2.6 More into the details

model.compile(loss='binary_crossentropy', optimizer='adam', metrics=['accuracy'])
model.summary()

num_epochs = 10
model.fit(padded, 
	training_labels_final,
	epochs=num_epoches,
	validation_data=(testing_padded, testing_labels_final))


e = model.layers[0]
weights = e.get_weights()[0]
print(weights.shape)	# (10000, 16)

# 为了可视化 需要 reverse word_index 的 key 和 value
reverse_word_index = dict([(value, key) for (key, value) in word_index.items()])

import io

out_v = io.open('vexs.tsv', 'w', encoding='utf-8')
out_m = io.open('mata.tsv', 'w', encoding='utf-8')

for word_num in range(1, vacab_size):
	word = reverse_word_index[word_num]
	embeddings = weights[word_num]
	out_m.write(word + "\n")
	out_v.write('\t'.join([str(x) for x in embeddings]) + "\n")

out_v.close()
out_m.close()

2.7 Notebook for lesson 1

2.8 Remember the sarcasm dataset

重新回到 sarcasm，有点过拟合。

2.9 Building a classifier for the sarcasm

2.10 Let’s talk about the loss function

调整 embedding 的向量长度、每层的参数，等等各种超参数，可以解决一部分过拟合问题。

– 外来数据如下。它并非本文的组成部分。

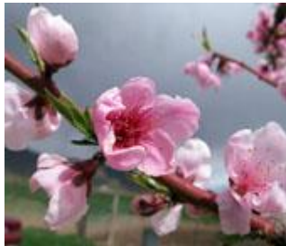
Ροδακινιά / Νεκταρινιά

2.11 Pre-tokenized datasets

可以不自己进行 tokenized，有些数据集已经做好了 Tokenized，但是基于 sub-word 。
在这里插入图片描述

2.12 Diving into the code(part 1)

2.13 Notebook for lesson 3

sub word 训练的结果基本没有效果，二分类概率 50 多，相当于瞎猜。后面会引入 RNN 来解决应该关注序列的哪些位置。
这里的解释是，sub word 没有序列，无法携带对应的信息，需要序列才可以。

3.1 A conversation with Andrew Ng

此前的讨论集中在如何用数字来表述单词，然后对单词进行分类。先是 index 表示一个单词，然后是 embeddings 表示一个单词，继而 embeddings 表示 sub-word。

而单词叠在一起变成句子也就是语言的时候，具体又携带了什么信息？这就需要处理序列。即 RNNs。

3.2 Introduction

以斐波那契数列举例形容 RNN：

There is also an element that’s fed into the function from a previous function.

在这里插入图片描述

3.3 LSTMs

I lived in Ireland, so at school they made me learn how to speak Gaelic.

Gaelic 能够被填空，主要看靠前的 Ireland。这种就需要 LSTM 来处理长短期的信息，主要靠它的 cell state。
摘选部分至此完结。